The purpose of this paper is to find a simple structure of motion controller for permanent magnet direct drive. Application of sliding mode controller theory and equivalent disturbance estimator creates proper non‐linear characteristics, which ensures controller robustness against friction.

The position and speed controller is based on robust design methodology introduced by a sliding mode technique. The paper proposes a combination of sliding mode controller and proportional integral (PI) equivalent disturbance estimator. The friction model is Coulomb friction with a large static friction effect. The double boundary layer is used to compensate the effect of stiction. The synthesis is performed using simulation techniques and subsequently the behaviour of a laboratory speed control system is validated in the experimental setup. The control algorithms of the system are performed by a microprocessor floating point DSP control system.

The proposed sliding mode controller structure with equivalent disturbance estimator guarantees expected robustness against friction.
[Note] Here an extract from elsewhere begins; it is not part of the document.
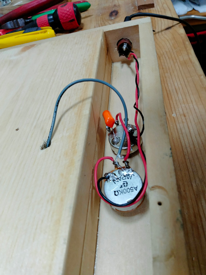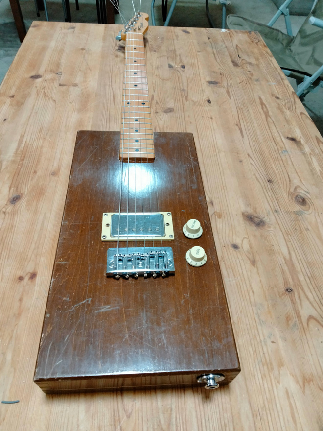 油絵具用の木箱でギターを作りました。1号はやや厚すぎて体にフィットしない感じだったので、今回の2号は、通常のエレキギターぐらいの厚みにしました。2022年9月に完成したばかりです。弦高やオクターブピッチもバッチリ合わせたので、ライブなど実戦で使おうと思っています。
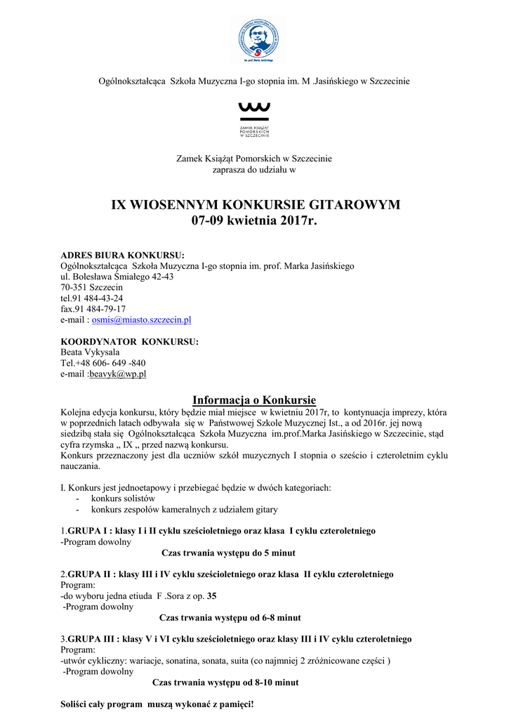 Ogólnokształcąca Szkoła Muzyczna I-go stopnia im. M .Jasińskiego w Szczecinie Zamek Książąt Pomorskich w Szczecinie zaprasza do udziału w IX WIOSENNYM KONKURSIE GITAROWYM 07-09 kwietnia 2017r. ADRES BIURA KONKURSU: Ogólnokształcąca Szkoła Muzyczna I-go stopnia im. prof. Marka Jasińskiego ul. Bolesława Śmiałego 42-43 70-351 Szczecin tel.91 484-43-24 fax.91 484-79-17 e-mail : [email protected] KOORDYNATOR KONKURSU: Beata Vykysala Tel.+48 606- 649 -840 e-mail :[email protected] Informacja o Konkursie Kolejna edycja konkursu, który będzie miał miejsce w kwietniu 2017r, to kontynuacja imprezy, która w poprzednich latach odbywała się w Państwowej Szkole Muzycznej Ist., a od 2016r. jej nową siedzibą stała się Ogólnokształcąca Szkoła Muzyczna im.prof.Marka Jasińskiego w Szczecinie, stąd cyfra rzymska „ IX „ przed nazwą konkursu. Konkurs przeznaczony jest dla uczniów szkół muzycznych I stopnia o sześcio i czteroletnim cyklu nauczania. I. Konkurs jest jednoetapowy i przebiegać będzie w dwóch kategoriach: - konkurs solistów - konkurs zespołów kameralnych z udziałem gitary 1.GRUPA I : klasy I i II cyklu sześcioletniego oraz klasa I cyklu czteroletniego -Program dowolny Czas trwania występu do 5 minut 2.GRUPA II : klasy III i IV cyklu sześcioletniego oraz klasa II cyklu czteroletniego Program: -do wyboru jedna etiuda F .Sora z op. 35 -Program dowolny Czas trwania występu od 6-8 minut 3.GRUPA III : klasy V i VI cyklu sześcioletniego oraz klasy III i IV cyklu czteroletniego Program: -utwór cykliczny: wariacje, sonatina, sonata, suita (co najmniej 2 zróżnicowane części ) -Program dowolny Czas trwania występu od 8-10 minut Soliści cały program muszą wykonać z pamięci! 3.Grupa III :Zespoły kameralne (dowolny skład) z udziałem gitary Program dowolny (może być wykonany z nut) Czas trwania występu do 10 minut WARUNKI UCZESTNICTWA : I . Do udziału w konkursie dopuszczone zostaną osoby, które do dnia 15.03.2017r. prześlą kartę uczestnictwa wraz z kserokopią dowodu wpłaty wpisowego. Liczba uczestników jest ograniczona! II. Wysokość wpisowego : - solista – 80 zł - zespół kameralny – 100 zł III. Wpisowe należy wpłacić na konto i dołączyć kopię dowodu wpłaty do karty zgłoszenia: RADA RODZICÓW przy OSM 16 1440 1143 0000 0000 1225 0371 Bank PKOBP z adnotacją „ IX Wiosenny Konkurs Gitarowy” + imię i nazwisko uczestnika bądź skład zespołu. IV. W przypadku rezygnacji z udziału w konkursie wpisowe nie będzie zwracane. V. O przyjęciu do konkursu zainteresowani zostaną powiadomieni do dnia 31.03.2017r. VI. Przesłuchania konkursowe są otwarte dla publiczności. VII . Zmagania konkursowe oceniać będzie jury pod przewodnictwem Profesora Oświaty Marka Zielińskiego , Jakuba Kościuszko oraz Piotra Kosmowskiego, powołane przez organizatorów. VIII. Jury ma prawo dowolnego podziału nagród. Decyzje Jury są ostateczne. IX. Członkowie jury nie mogą zgłaszać do konkursu swoich uczniów. X. Nauczyciele otrzymają karty z punktacją swoich uczniów. XI. Wszyscy wykonawcy otrzymają dyplomy uczestnictwa, a dla laureatów przewidziane są nagrody. XII . Ogłoszenie wyników nastąpi w sobotę wieczorem 08.04.2017r. natomiast koncert laureatów odbędzie się 09.04.2017r. w Sali Bogusława Zamku Książąt Pomorskich o godz.12.00 w ramach Festiwalu Wiosenne Koncerty Gitarowe. XIII. Laureaci konkursu zobowiązani są do udziału w niedzielnym Koncercie Laureatów!!! KOSZTY UCZESTNICTWA I. Koszty przejazdu , wyżywienia i zakwaterowania pokrywają uczestnicy bądź instytucje delegujące. II. Rezerwację noclegów i wyżywienia uczestnicy załatwiają samodzielnie. Poniżej podaję adresy: -Hotel Elka-sen al.3-go Maja 1A, tel.91 433-56-04 ( pokoje od 2 do 4 osobowych) -Hotel Gryf AL.Wojska Polskiego 49,Tel.91 480-84-00 (blisko szkoły) -Pokoje INTEGRO ul.Mickiewicza 34B, Tel.609- 744 -816 lub 601- 700 -882 ( blisko szkoły) Organizatorzy zarezerwowali w/w hotelach pewną pulę pokoi , ale ze względu na ograniczoną ilość miejsc, proszę noclegi rezerwować z wyprzedzeniem ,najlepiej do15.03.2017r .Po tym terminie w/w hotele mogą już nie dysponować wolnymi pokojami. Proszę podczas zamawiania noclegów powoływać się na Wiosenny Konkurs Gitarowy.

Experimental results show that the control approach can decrease the tracking error, enhance the system's robustness and attenuate high‐frequency chattering in the control signal.

The proposed controller was tested on a single machine under well‐defined conditions. Further investigations are required before any industrial applications.

The proposed controller synthesis and its results may be very helpful in robotic systems where non‐linear friction is a characteristic for many industrial robots and manipulators.

The method of sliding mode controller synthesis was proposed and validated by simulation and experimental investigations.